## About this task
Print each line exactly, from the one with "计算:(1)12﹣(﹣18)+(﹣12)﹣15;(2)(﹣+)×(﹣24)" to the very last line of the listing, and keep the pictures out.

## Data below
====================
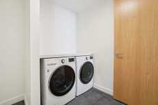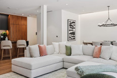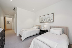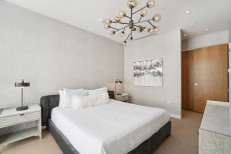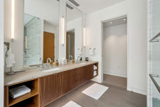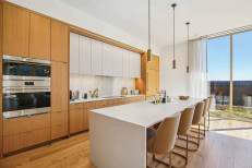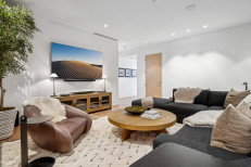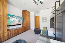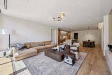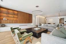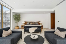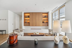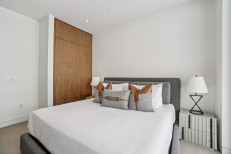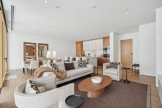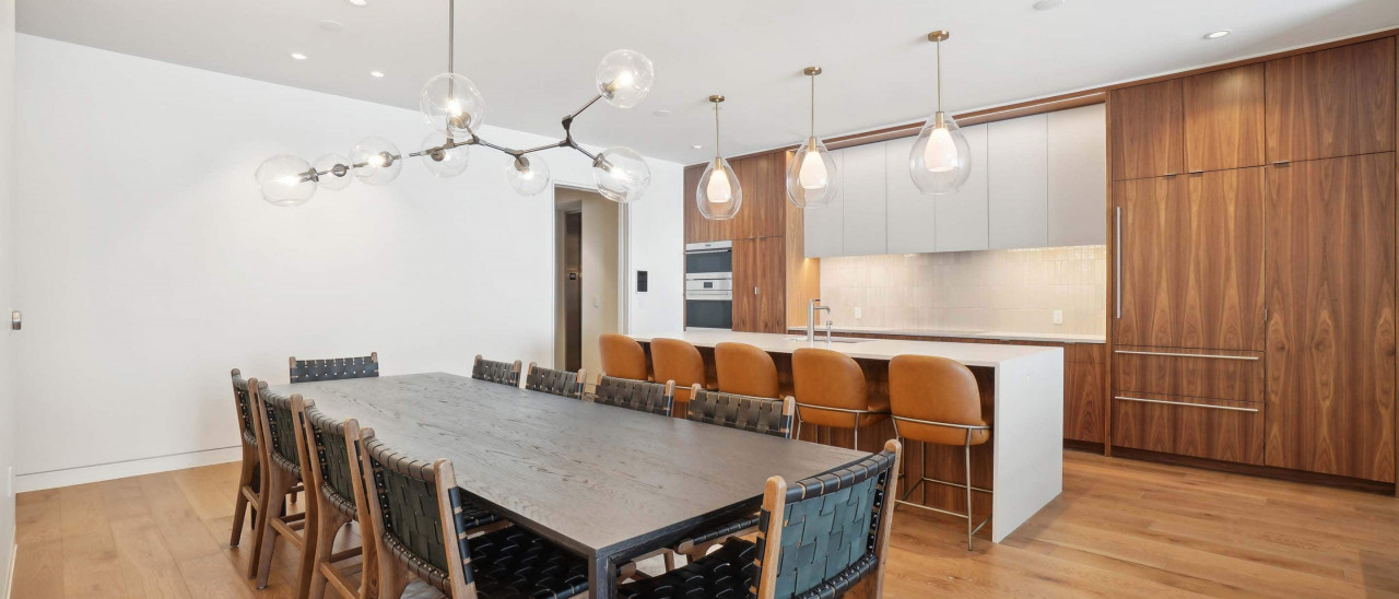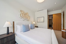 Experience the ultimate in luxury and convenience with this exceptional four-bedroom, five-bath residence, designed for both comfort and style. The open-concept living space enhances gatherings with a spacious oversized sectional, a dining table for twelve, and a stylish bar with seating for four. The beautifully designed kitchen, accented with warm wood tones, is fully equipped with a wine cooler, wet bar, and floor-to-ceiling windows that flood the space with natural light, creating an inviting atmosphere. More...
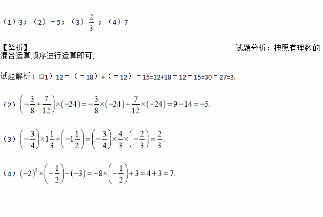 计算:(1)12﹣(﹣18)+(﹣12)﹣15;(2)(﹣+)×(﹣24)
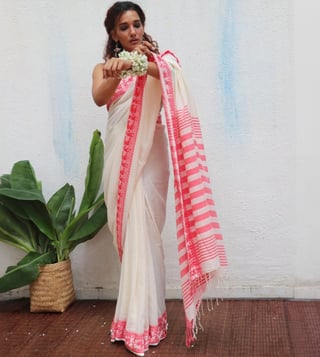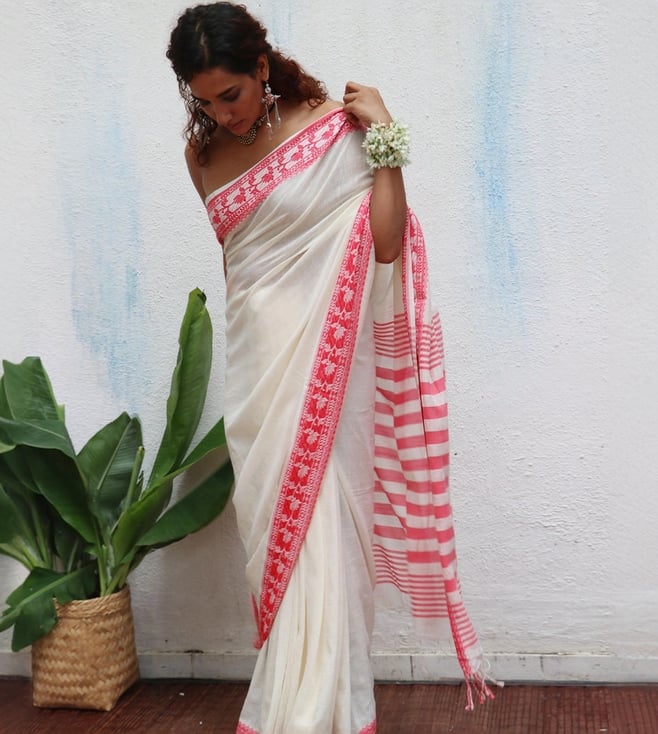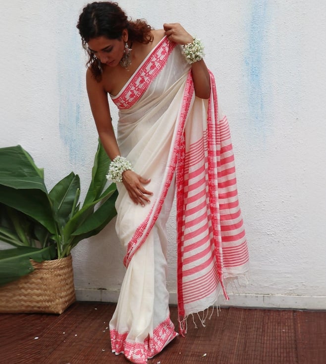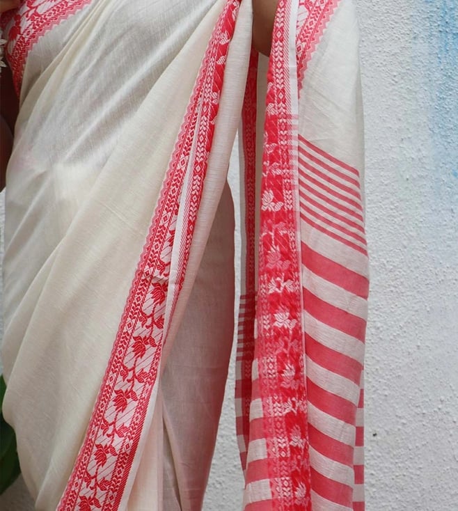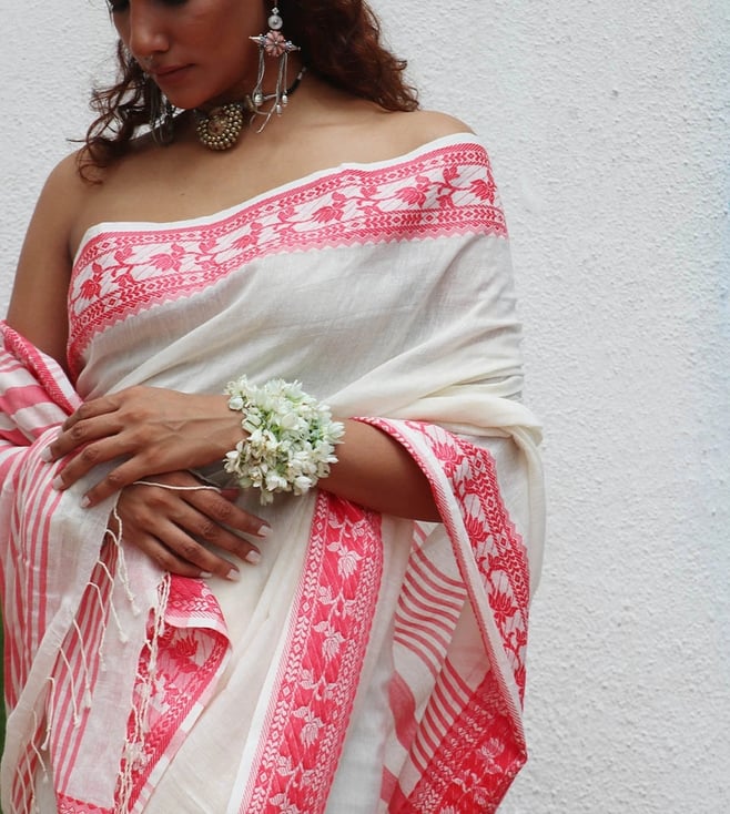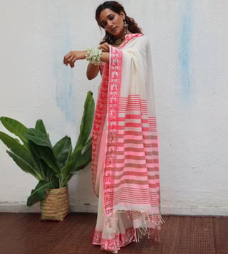 Chidiyaa White Uma Trinetra Handwoven Linen Cotton Jamdani Saree
====================
## Solution below
 计算:(1)12﹣(﹣18)+(﹣12)﹣15;(2)(﹣+)×(﹣24)
 Chidiyaa White Uma Trinetra Handwoven Linen Cotton Jamdani Saree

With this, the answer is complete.